The philosophical problem runs deeper. Although some scholars argue that language is not necessary for thought, and is best conceived as a tool for communication, this neglects the original Cartesian problem (‘Language Is Primarily a Tool for Communication Rather than Thought’, Fedorenko et al, 2024). Just as the behaviourist B.F. Skinner stretched concepts like stimulus-control so far as to void them of scientific content, researchers today risk stretching concepts like communication to account for the otherwise ‘useless’ tool of language – a tool that, despite what they say, can be appropriately recruited for the deployment of cognitive and intellectual resources over an unbounded range at will (‘Language Is a ‘Quite Useless’ Tool’, Watumull, 2024).
Much more could be said, but it is clear that contemporary AI does not meet Descartes’ original language challenge, nor do conceptions of the human mind’s freedom advance with sufficient clarity on an ‘computational’ analogy.

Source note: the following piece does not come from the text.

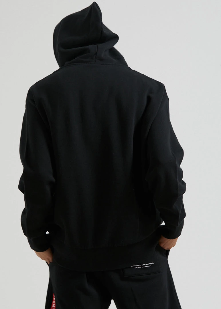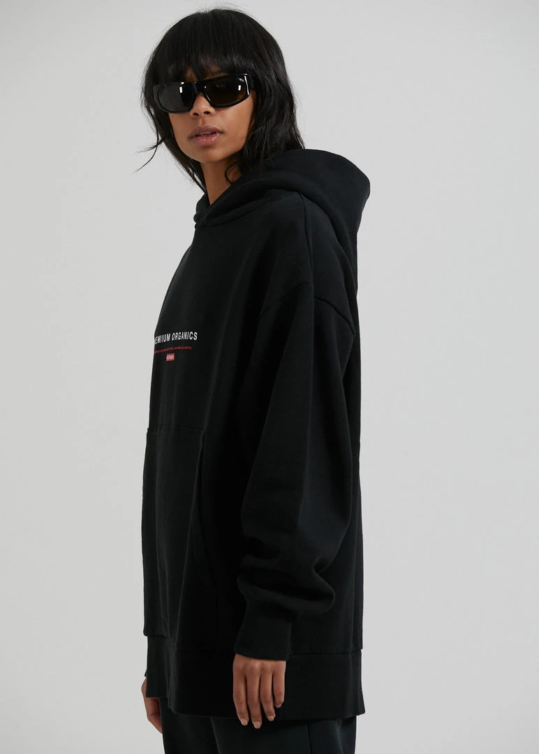 Better than your average oversized hoodie. Crafted from our eco-friendly organic cotton brushed fleece and spun into an open-ended yarn, this jumper has a premium hand-feel while minimising textile waste. Our unisex jumper offers an oversized fit, pull on hood, front pocket and super cosy design. Pair it back with the premium organic sweats for the ultimate lounging combo.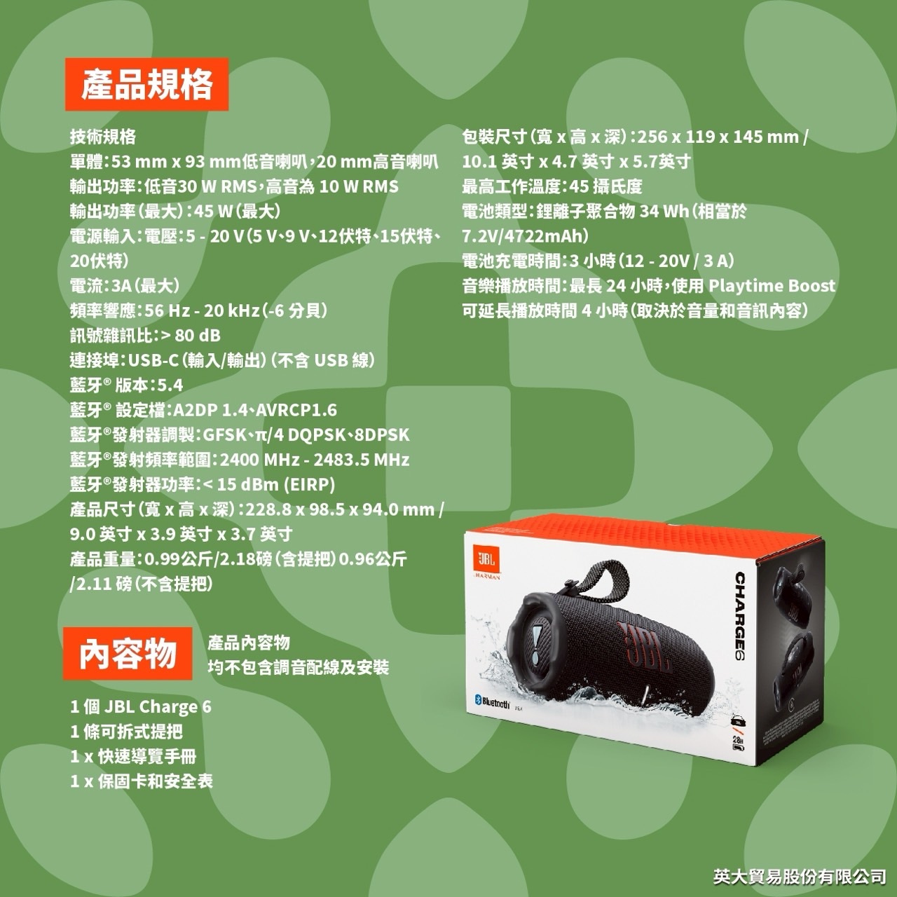 JBL Charge 6 可攜式防水藍牙喇叭【公司貨保固】

Whether future AI systems could replicate true human linguistic behavior is an open question. There are reasons to doubt it. Human language use being neither determined nor random yet appropriate seems to put it beyond the scope of computation per se. The problem is not likely to be evaded by inserting ‘an added element of randomness or noise’ into a system to induce low-level indeterminacy, as Kevin Mitchell tentatively suggests (Free Agents, 2025).
Human beings are willfully creative creatures. “It is remarkable,” James McGilvray writes, “that everyone routinely uses language creatively, and gets satisfaction from doing so” (Cambridge Companion to Chomsky, 2005). The mind “can also be freed from current practical concerns to speculate and imagine.” In all this, humanity is an unusual species – one with an instinctive ability to use its cognitive abilities creatively, and which willingly wanders into what Larry Briskman (echoing Albert Einstein) describes as the darkness, attempting to ‘’shed light where none has been shed before…” (Creative Product and Creative Process in Science and Art, 1980).
This is the species that confronts AI. If we are thrown into self-doubt by existing AI systems that do not have minds, then it is incumbent on us to rescue the human mind from a misunderstanding entirely of our own making.
© Vincent J. Carchidi 2025
Vincent Carchidi is an independent researcher in cognitive science and the philosophy of mind, with an interest in artificial intelligence.